Below are one acceptable set of solutions. We solve each equation one at a time. 1) Solve 7^(3x+5) = 7^(1-x). Because the bases are the same (7), set the exponents equal:   3x + 5 = 1 - x  →  3x + x = 1 - 5  →  4x = -4  →  x = -1. 2) Solve 2e^(2x) - 1 = 5. Isolate the exponential term:   2e^(2x) = 6  →  e^(2x) = 3. Take the natural logarithm:   2x = ln 3  →  x = (ln 3)/2. 3) Solve e^(2x) = e^(3x-1). Again the bases are equal (e), so equate the exponents:   2x = 3x - 1  →  x = 1. 4) Solve ln(4x-7) = ln(x+11).
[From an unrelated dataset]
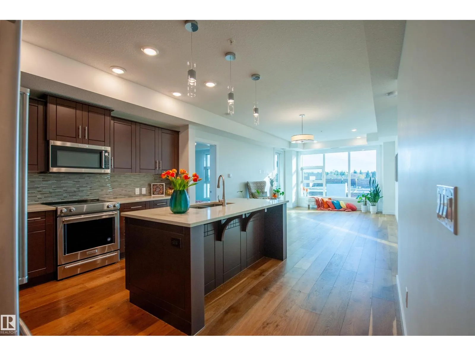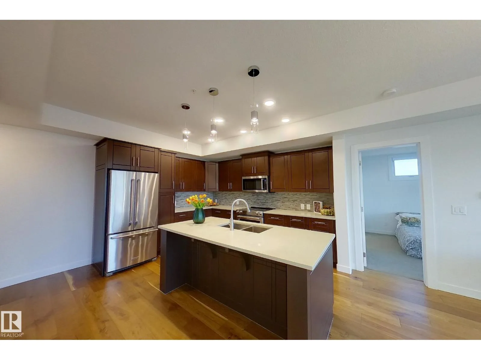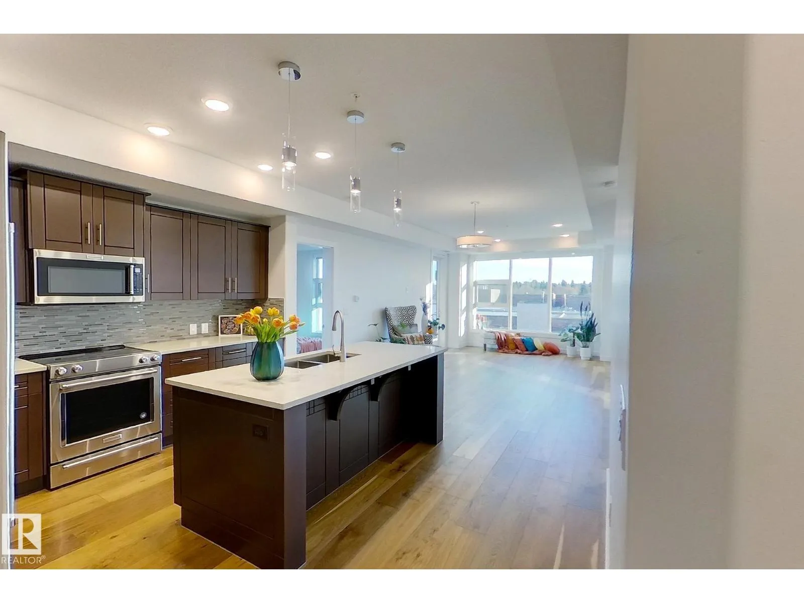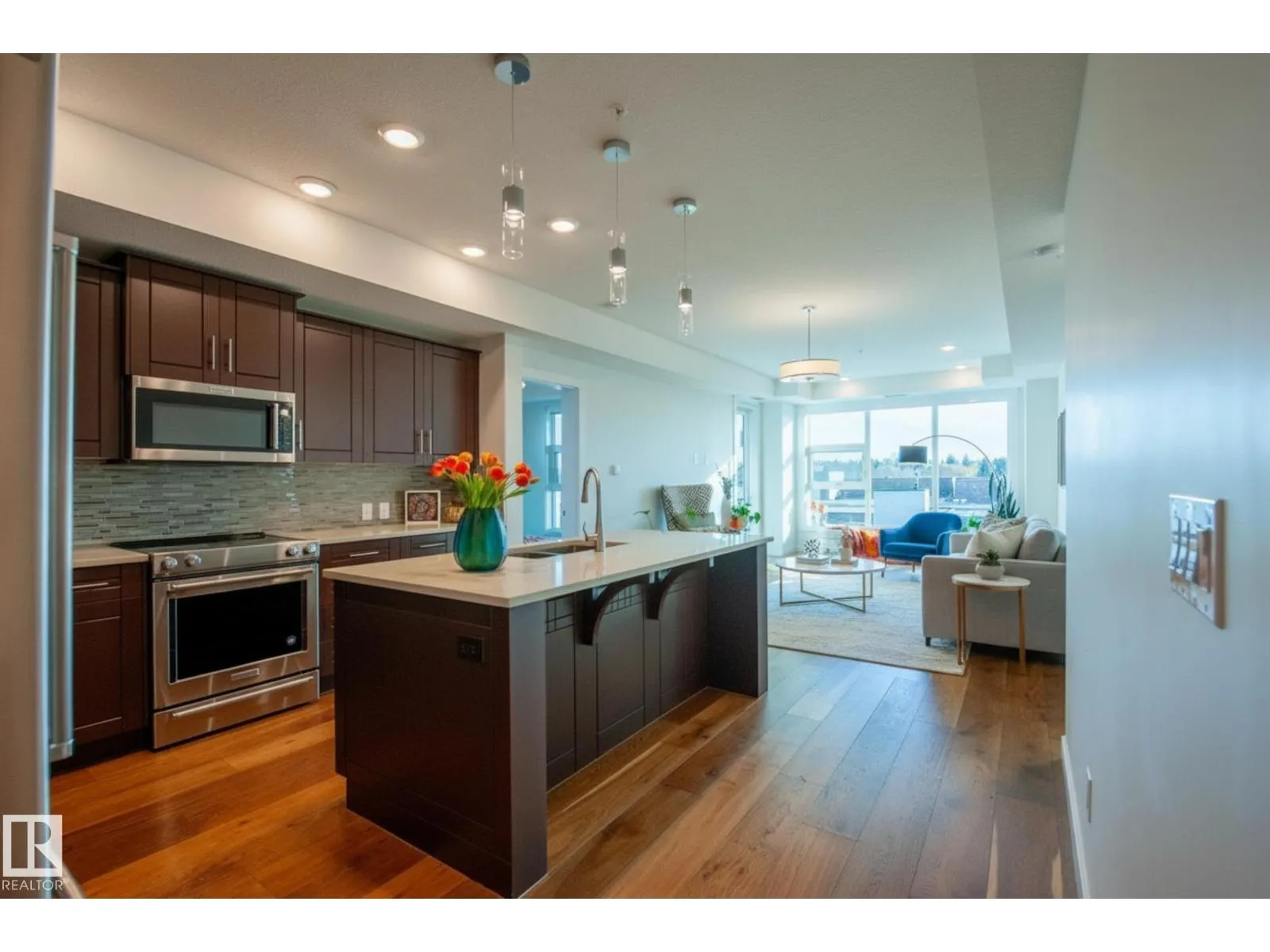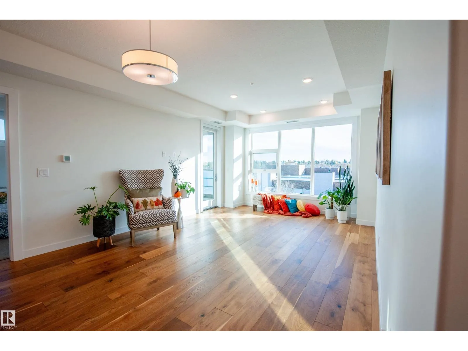 Live the Good Life in Centre in the Park! Set in an elegant, modern building surrounded by shops, cafés, and greenspace, this Top Floor 2-bedroom, 2-bath Corner Unit offers over 1,000 sq. ft. of contemporary comfort and style. Built with luxury materials and unmatched craftsmanship, this residence stands apart from anything else in Sherwood Park. The open floor plan features a sleek kitchen with quartz counters, stainless steel appliances, and rich cabinetry flowing into a spacious living area with hardwood-tone floors and large windows. Step onto the covered balcony for peaceful, tree-lined views. The primary suite includes a private 4-piece ensuite and generous closet space, while the second bedroom and full bath add flexibility. HUGE BONUS: Also includes 2 SEPARATELY TITLED HEATED UNDERGROUND PARKING STALLS, and a Secure Storage unit! Plus access to premium amenities â a Fitness Centre with patio, CAR WASH, and Rooftop Terrace. Visit REALTOR® website for more info. *Some photos are virtually staged* (id:27476)

Since the natural logarithms have the same base and the arguments are positive, set them equal:   4x - 7 = x + 11. Solve for x:   4x - x = 11 + 7  →  3x = 18  →  x = 6. (Verify that 4(6)-7 = 17 > 0 and 6+11 = 17 > 0.) 5) Solve 49^(5x+2) = (1/7)^(11-x). Write 49 as 7^2 and (1/7) as 7^(-1):   (7^2)^(5x+2) = 7^(2(5x+2)) = 7^(10x+4)   (1/7)^(11-x) = 7^(-(11-x)) = 7^(x-11). Now equate the exponents:   10x + 4 = x - 11  →  10x - x = -11 - 4  →  9x = -15  →  x = -15/9 = -5/3. 6) Solve log₅(5x+10) = 4. Rewrite in exponential form:   5^4 = 5x + 10. Since 5^4 = 625, we have:   5x + 10 = 625  →  5x = 615  →  x = 123. 7) Solve 3e^(4x) + 9 = 15. Isolate the exponential term:   3e^(4x) = 6  →  e^(4x) = 2. Take the natural logarithm:   4x = ln 2  →  x = (ln 2)/4. 8) Solve log₃(x-9) + log₃(x-3) = 2. Use the logarithm addition rule:   log₃[(x-9)(x-3)] = 2. Write in exponential form:   (x-9)(x-3) = 3² = 9. Expand and simplify:   x² - 12x + 27 = 9  →  x² - 12x + 18 = 0. Solve the quadratic using the quadratic formula:   x = [12 ± √(144 - 72)]/2 = [12 ± √72]/2 = [12 ± 6√2]/2 = 6 ± 3√2. Now consider the domain: the original logarithms require that x - 9 > 0 and x - 3 > 0, so x > 9. Thus, x = 6 + 3√2 (since 6 - 3√2 is less than 9). Summary of Answers:  1) x = -1  2) x = (ln 3)/2  3) x = 1  4) x = 6  5) x = -5/3  6) x = 123  7) x = (ln 2)/4  8) x = 6 + 3√2 These are the solutions to the given equations.